TASK OBJECTIVE -
Below are some records. Return exactly the lines from the one containing "Man delar inte" through the one containing "FaviDeo roll-on cu", both included, and only those.

MATERIAL FOR THIS TASK -
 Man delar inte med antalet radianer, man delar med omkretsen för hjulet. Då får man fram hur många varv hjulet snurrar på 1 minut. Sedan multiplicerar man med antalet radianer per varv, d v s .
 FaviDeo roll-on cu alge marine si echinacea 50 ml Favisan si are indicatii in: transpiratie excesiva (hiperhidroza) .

* * *

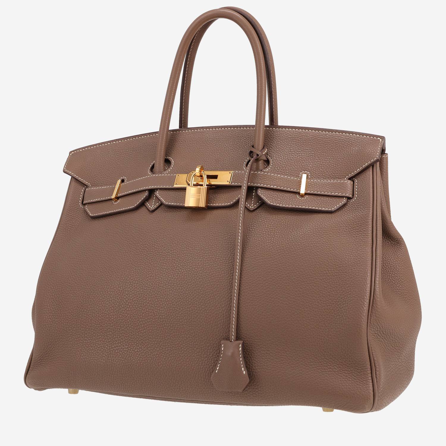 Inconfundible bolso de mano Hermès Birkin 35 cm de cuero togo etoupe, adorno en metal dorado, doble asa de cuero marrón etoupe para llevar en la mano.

WRITTEN REPLY -
 Man delar inte med antalet radianer, man delar med omkretsen för hjulet. Då får man fram hur många varv hjulet snurrar på 1 minut. Sedan multiplicerar man med antalet radianer per varv, d v s .
 FaviDeo roll-on cu alge marine si echinacea 50 ml Favisan si are indicatii in: transpiratie excesiva (hiperhidroza) .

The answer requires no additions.